▶ [Exercise prompt]
Leave out the pictures and restate the rest of the data exactly.
-------- Source data --------
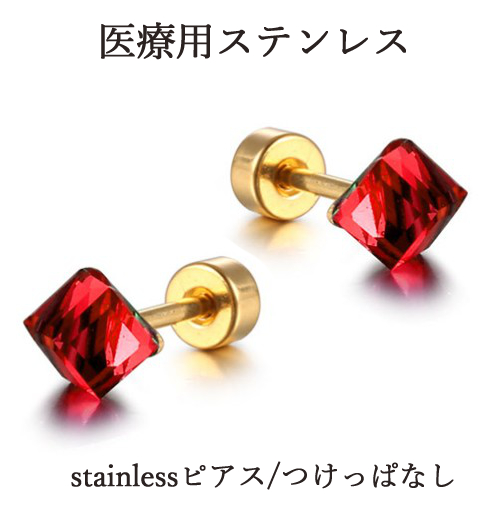 ピアス スタッド レディース 軟骨 サージカル ステンレス スクエア キューブ サイコロ つけっぱなし ネジ式 送料無料 アレルギー
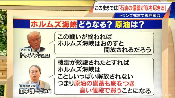 しかし、慶應義塾大学の田中浩一郎教授は「機雷が敷設されたとすれば、ホルムズ海峡は今年いっぱい開放されない。つまり、原油の備蓄も底をつき、他の国の高い原油を高い値段で買うことになる」と話していました。
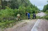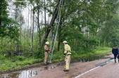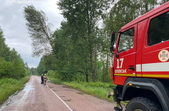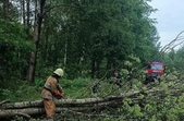 «27 червня до Служби порятунку «101» надійшло повідомлення про те, що у с. Раковичі Житомирського району впало дерево та пошкодило господарчу споруду. Бійці ДСНС допомогли розрізати повалене дерево та відтягнути його. Крім того, у с. Сущани Коростенського району рятувальники зрізали два аварійних дерева, падіння яких спричинило брозрив електропроводів, у результаті чого три населених пункти могли залишитись без світла», - йдеться в повідомленні.
--------
▶ [Answer section]
 ピアス スタッド レディース 軟骨 サージカル ステンレス スクエア キューブ サイコロ つけっぱなし ネジ式 送料無料 アレルギー
 しかし、慶應義塾大学の田中浩一郎教授は「機雷が敷設されたとすれば、ホルムズ海峡は今年いっぱい開放されない。つまり、原油の備蓄も底をつき、他の国の高い原油を高い値段で買うことになる」と話していました。
 «27 червня до Служби порятунку «101» надійшло повідомлення про те, що у с. Раковичі Житомирського району впало дерево та пошкодило господарчу споруду. Бійці ДСНС допомогли розрізати повалене дерево та відтягнути його. Крім того, у с. Сущани Коростенського району рятувальники зрізали два аварійних дерева, падіння яких спричинило брозрив електропроводів, у результаті чого три населених пункти могли залишитись без світла», - йдеться в повідомленні.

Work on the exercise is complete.